● **Source data**
%%

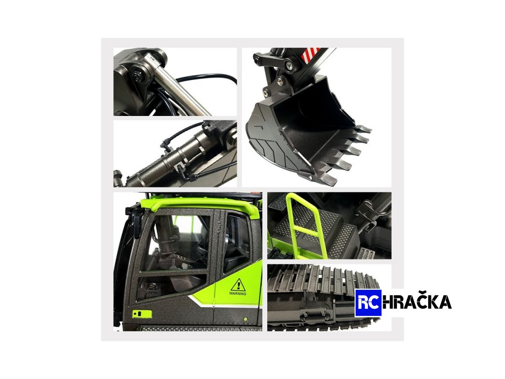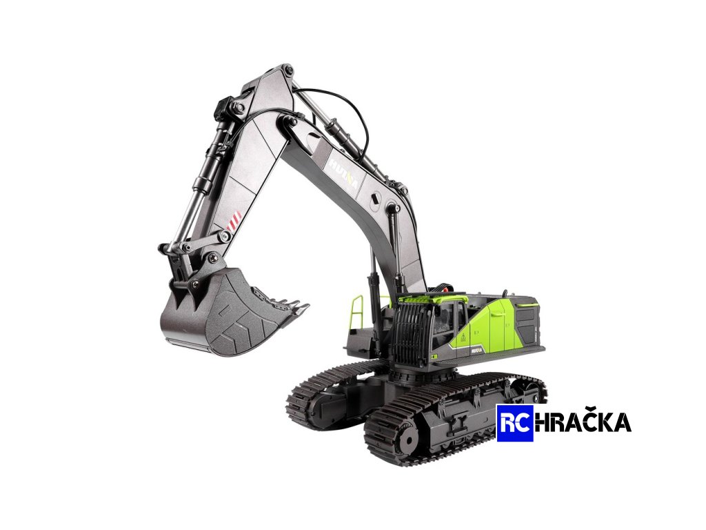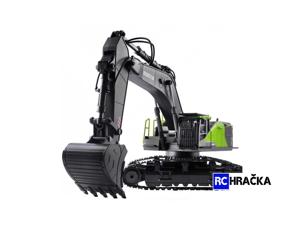 NETRADIČNÍ BAREVNÉ PROVEDENÍ BAGRU HUINA PROFI 1:14 VÁS ZAUJME NA PRVNÍ POHLED. ALE KRÁSNÁ ZELENÁ V KOMBINACI S ANTRACITOVOU BARVOU NEJSOU HLAVNÍMI LÁKADLY TÉTO MAKETY. TĚMI JSOU PROFI FUNKCE A DOPLŇKY, KTERÉ JSME ZVYKLÍ VÍDAT U MNOHEM DRAŽŠÍCH MODELŮ.
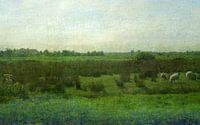 Vrij uitzicht op groene uitgestrekte Friese landerijen, zo ver het oog kan kijken. Grazende schapen en boerenslootjes. Verloren groepjes bomen of struiken. Weidse groene vlakte.
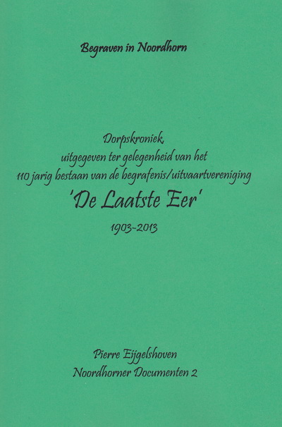 Vertraagde reactie, het kloeke boekwerk is al een poosje uit: “Begraven in Noordhorn” met als ondertitel: ‘Dorpskroniek uitgegeven ter gelegenheid van het 110-jarig bestaan van de begrafenis/uitvaartvereniging “De Laatste Eer’ 1903-2013′. Een hele mondvol, maar dan heb je ook wat in handen!
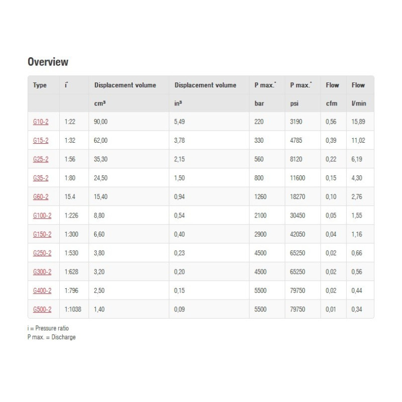 Splošne informacije:MAXIMATOR črpalke G...-2 serije so na voljo kot enostransko ali dvostransko delujoče z enojnim ali dvojnim pogonskim delom.
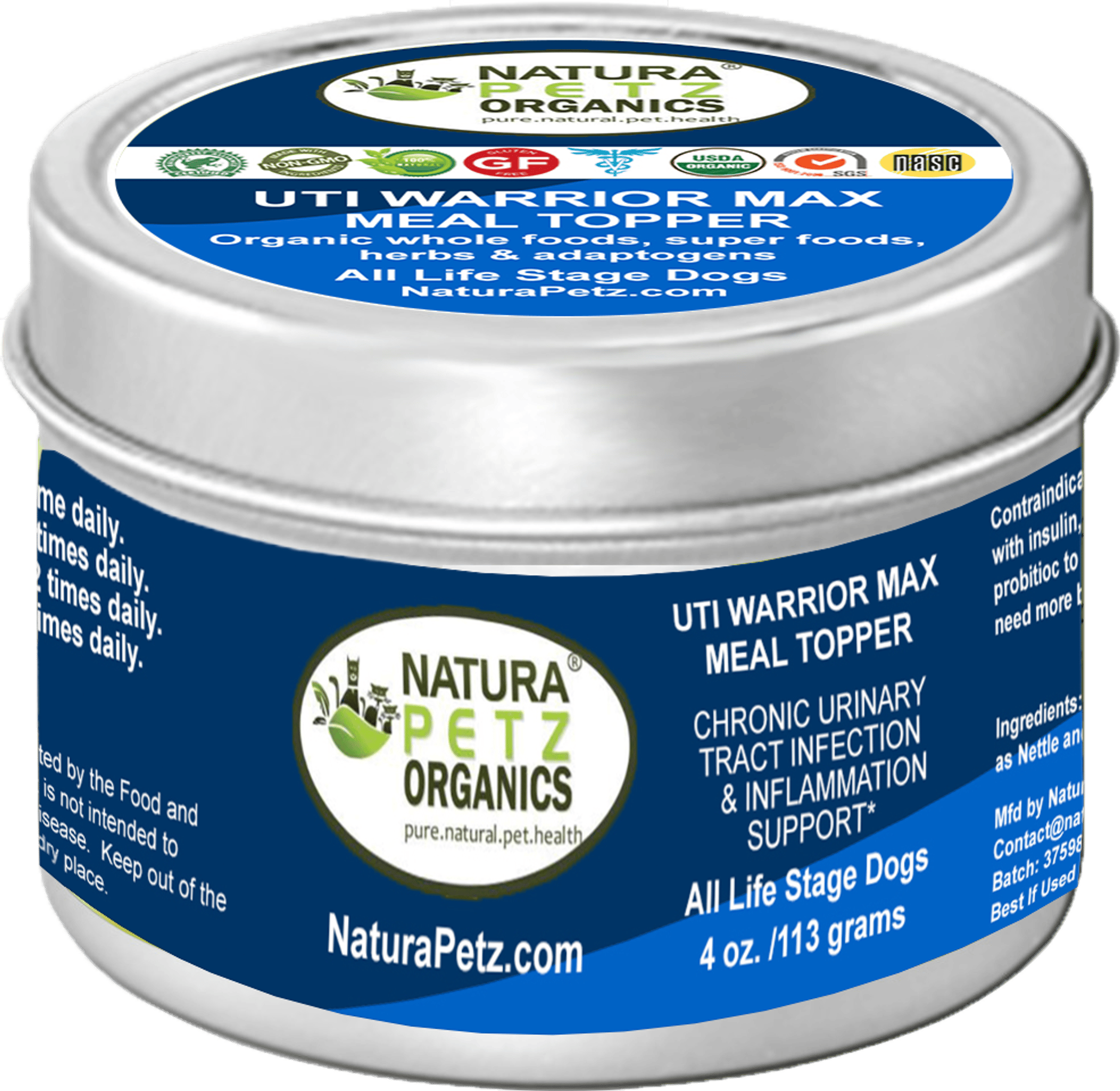 UTI WARRIOR MAX MEAL TOPPER* is also used adjunctively to help reduce symptoms associated with kidney and liver disease and dysfunction; may help reduce uric acid; may help normalize liver enzyme levels; may be useful in cases related to vaccinosis due to its natural plant chemicals that are strongly antiviral, antibacterial, antispasmodic and analgesic (pain relieving). (* As recommended by holistic veterinarians for use under a traditional medical system)
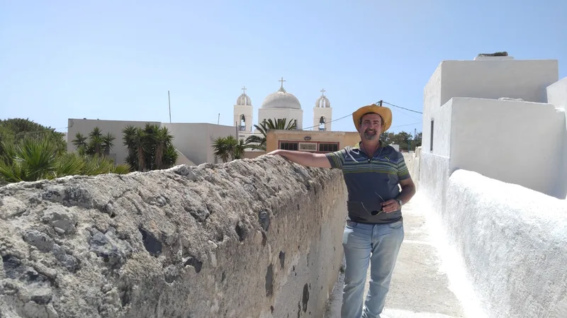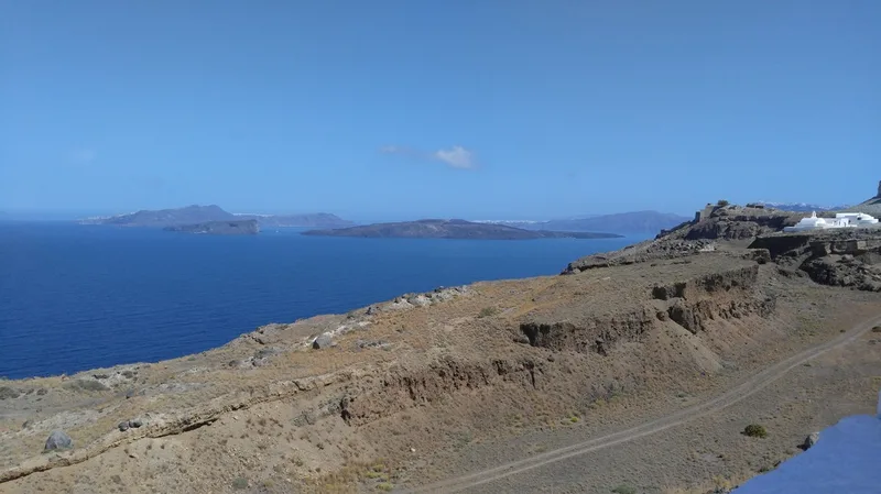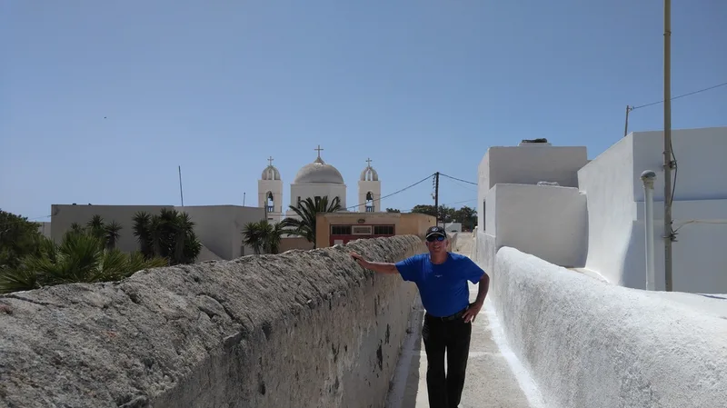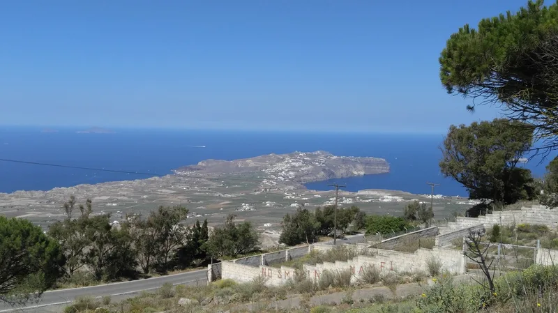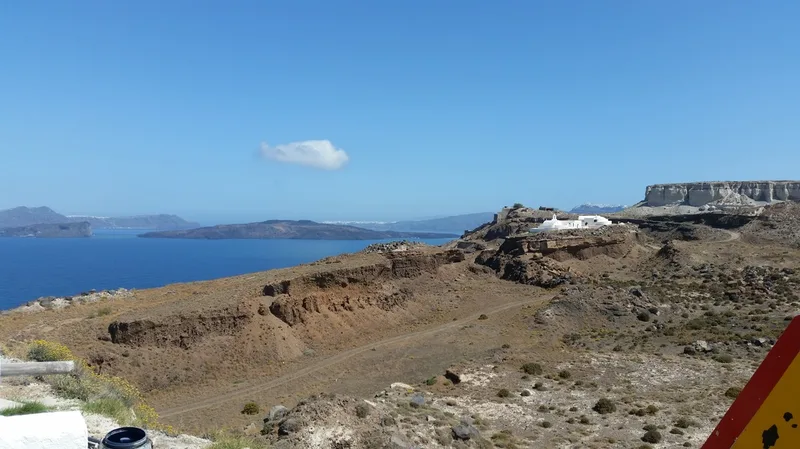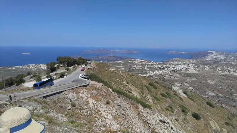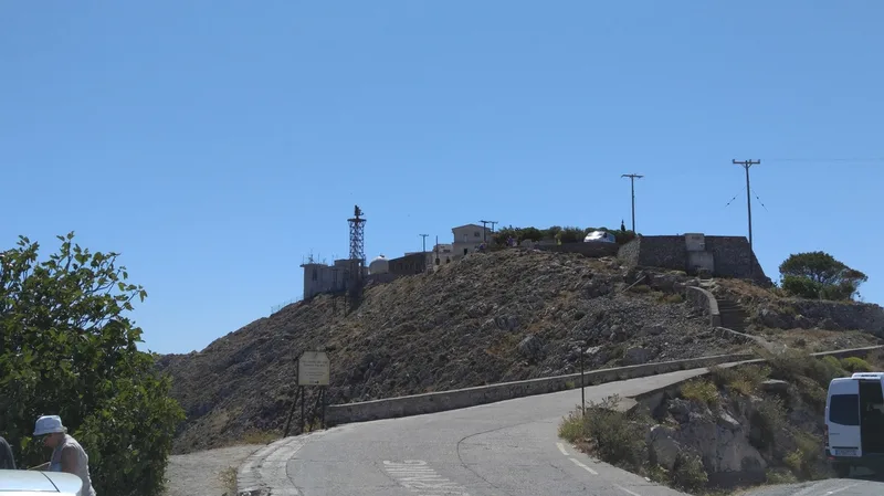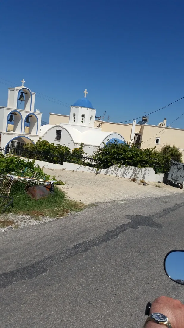 This is the plan we did and followed. We left our hotel in Perivolos with the ATVs at 10:00 AM, and first thing we did was to travel to the direction of Pyrgos and continue uphill to Profitis Ilias, a monastery for the prophet Elias that is in the higher hill in the island. From there we can see the whole island.
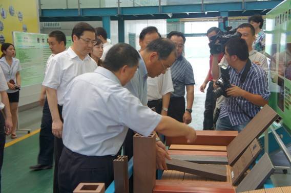 图4. 阮书记高度赞赏格林美用废塑料生产的塑木型材,表示要在全市推广
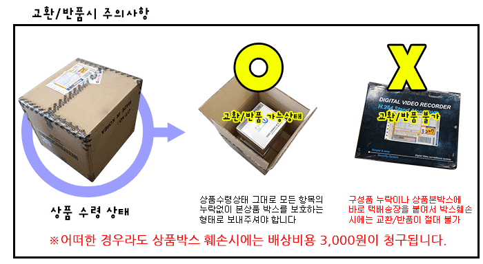 제품 교환/반품시는 박스안에 구매사이트,수령자명,교환/반품사유,연락처를 메모후 로젠택배(1588-9988)로 보내주셔야 합니다.
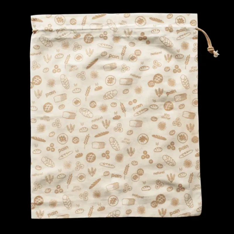 D’une dimension de 50 cm de long sur 45 cm de large, ce sac à pain dispose d’un cordon de serrage afin de garder vos aliments à l’abri de l’air et de l’humidité. Léger et résistant, ce sac réutilisable est lavable à la main en dessous de 30°C. Proposé dans un design naturel avec des motifs liés au thème du pain ce sac en coton est une parfaite alternative écologique aux sac en plastique.
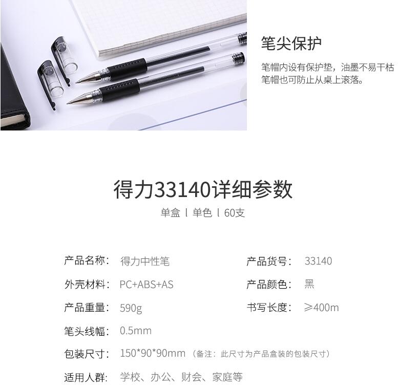 得力文具33140中性筆學(xué)生考試量販式黑筆水筆碳素筆0.5mm辦公用品包郵書寫工具60支裝
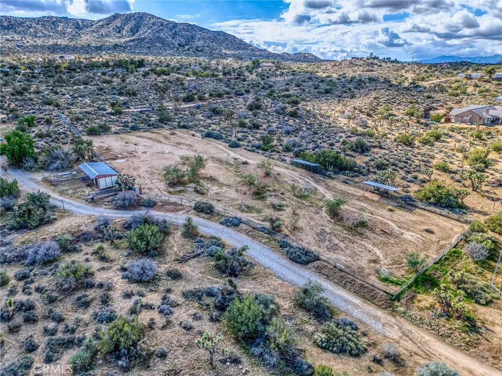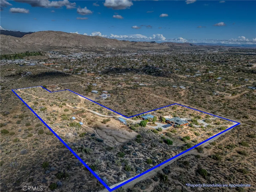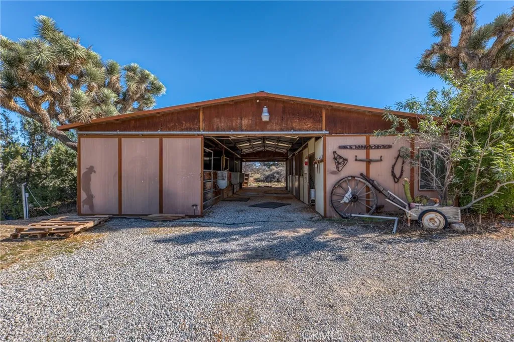 A Desert Artists Retreat on 11.69 Acres of Pure Inspiration. Discover one of the most unique and captivating properties in the entire Morongo Basin, a stunning wood-constructed desert retreat set on 11.69 acres of spectacular land with panoramic mountain and desert views in every direction. Properties with this level of land, privacy, and craftsmanship are exceptionally rare. Step inside and immediately feel the warmth of the exposed wood-beam construction, a hallmark feature that brings character, authenticity, and artistry to every room. Expansive windows fill the home with natural light and frame the ever-changing desert scenery, creating a truly inspiring atmosphere. The spacious kitchen opens seamlessly to the dining and living areas, making it ideal for gatherings or quiet evenings at home. The primary bedroom continues the wood-beam theme with rich ceilings and a custom en-suite bathroom featuring a one of a kind shower and bath design. Every space feels intentional, inviting, and unlike anything else on the market. Outside, multiple wood decks and patios provide perfect spots to soak in the desert sun, entertain guests, or simply unwind as the sky turns brilliant shades of pink and orange. A pool and spa, currently drained and unused for years, await your vision to restore them into an oasis once again. The expansive acreage stretches from Mountain View to the next street south and includes multiple barns and arenas, offering endless possibilities, animals, car storage, creative spaces, or whatever lifestyle you envision. The main barn is especially versatile, ideal
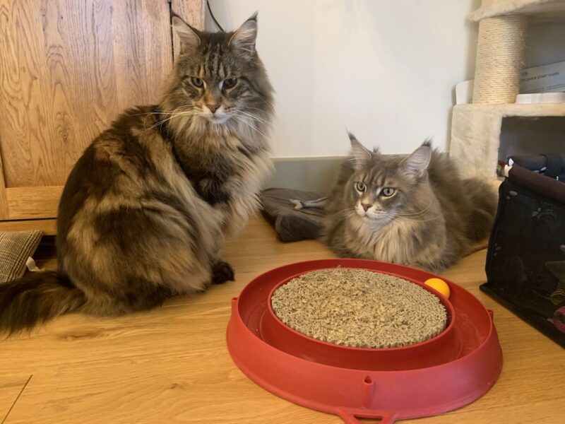 Here’s what a sample day might look like to satisfy a Maine Coon’s entertainment needs:
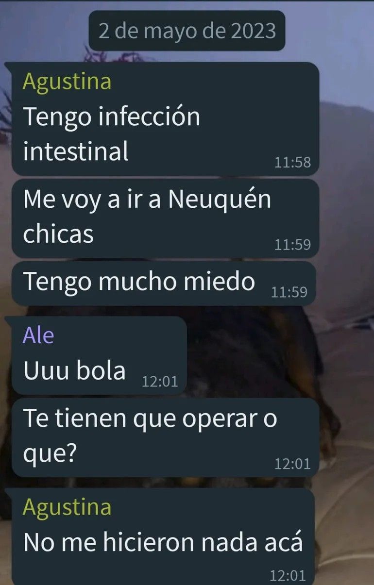 Las capturas fueron difundidas por el diario local LM Cipolletti. Por ejemplo, el 30 de abril una amiga le consultó qué le habían dicho los médicos del hospital local y Agustina le contestó: “No me dieron ni cinco de bolas, solo una pastilla para calmar el dolor”.
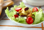 Легкий салат, изумительное сочетание фасоли, сыра и сладкого соуса.

%%

Restate the records above word for word. Skip every picture.

● **Answer area**
 NETRADIČNÍ BAREVNÉ PROVEDENÍ BAGRU HUINA PROFI 1:14 VÁS ZAUJME NA PRVNÍ POHLED. ALE KRÁSNÁ ZELENÁ V KOMBINACI S ANTRACITOVOU BARVOU NEJSOU HLAVNÍMI LÁKADLY TÉTO MAKETY. TĚMI JSOU PROFI FUNKCE A DOPLŇKY, KTERÉ JSME ZVYKLÍ VÍDAT U MNOHEM DRAŽŠÍCH MODELŮ.
 Vrij uitzicht op groene uitgestrekte Friese landerijen, zo ver het oog kan kijken. Grazende schapen en boerenslootjes. Verloren groepjes bomen of struiken. Weidse groene vlakte.
 Vertraagde reactie, het kloeke boekwerk is al een poosje uit: “Begraven in Noordhorn” met als ondertitel: ‘Dorpskroniek uitgegeven ter gelegenheid van het 110-jarig bestaan van de begrafenis/uitvaartvereniging “De Laatste Eer’ 1903-2013′. Een hele mondvol, maar dan heb je ook wat in handen!
 Splošne informacije:MAXIMATOR črpalke G...-2 serije so na voljo kot enostransko ali dvostransko delujoče z enojnim ali dvojnim pogonskim delom.
 UTI WARRIOR MAX MEAL TOPPER* is also used adjunctively to help reduce symptoms associated with kidney and liver disease and dysfunction; may help reduce uric acid; may help normalize liver enzyme levels; may be useful in cases related to vaccinosis due to its natural plant chemicals that are strongly antiviral, antibacterial, antispasmodic and analgesic (pain relieving). (* As recommended by holistic veterinarians for use under a traditional medical system)
 This is the plan we did and followed. We left our hotel in Perivolos with the ATVs at 10:00 AM, and first thing we did was to travel to the direction of Pyrgos and continue uphill to Profitis Ilias, a monastery for the prophet Elias that is in the higher hill in the island. From there we can see the whole island.
 图4. 阮书记高度赞赏格林美用废塑料生产的塑木型材,表示要在全市推广
 제품 교환/반품시는 박스안에 구매사이트,수령자명,교환/반품사유,연락처를 메모후 로젠택배(1588-9988)로 보내주셔야 합니다.
 D’une dimension de 50 cm de long sur 45 cm de large, ce sac à pain dispose d’un cordon de serrage afin de garder vos aliments à l’abri de l’air et de l’humidité. Léger et résistant, ce sac réutilisable est lavable à la main en dessous de 30°C. Proposé dans un design naturel avec des motifs liés au thème du pain ce sac en coton est une parfaite alternative écologique aux sac en plastique.
 得力文具33140中性筆學(xué)生考試量販式黑筆水筆碳素筆0.5mm辦公用品包郵書寫工具60支裝
 A Desert Artists Retreat on 11.69 Acres of Pure Inspiration. Discover one of the most unique and captivating properties in the entire Morongo Basin, a stunning wood-constructed desert retreat set on 11.69 acres of spectacular land with panoramic mountain and desert views in every direction. Properties with this level of land, privacy, and craftsmanship are exceptionally rare. Step inside and immediately feel the warmth of the exposed wood-beam construction, a hallmark feature that brings character, authenticity, and artistry to every room. Expansive windows fill the home with natural light and frame the ever-changing desert scenery, creating a truly inspiring atmosphere. The spacious kitchen opens seamlessly to the dining and living areas, making it ideal for gatherings or quiet evenings at home. The primary bedroom continues the wood-beam theme with rich ceilings and a custom en-suite bathroom featuring a one of a kind shower and bath design. Every space feels intentional, inviting, and unlike anything else on the market. Outside, multiple wood decks and patios provide perfect spots to soak in the desert sun, entertain guests, or simply unwind as the sky turns brilliant shades of pink and orange. A pool and spa, currently drained and unused for years, await your vision to restore them into an oasis once again. The expansive acreage stretches from Mountain View to the next street south and includes multiple barns and arenas, offering endless possibilities, animals, car storage, creative spaces, or whatever lifestyle you envision. The main barn is especially versatile, ideal
 Here’s what a sample day might look like to satisfy a Maine Coon’s entertainment needs:
 Las capturas fueron difundidas por el diario local LM Cipolletti. Por ejemplo, el 30 de abril una amiga le consultó qué le habían dicho los médicos del hospital local y Agustina le contestó: “No me dieron ni cinco de bolas, solo una pastilla para calmar el dolor”.
 Легкий салат, изумительное сочетание фасоли, сыра и сладкого соуса.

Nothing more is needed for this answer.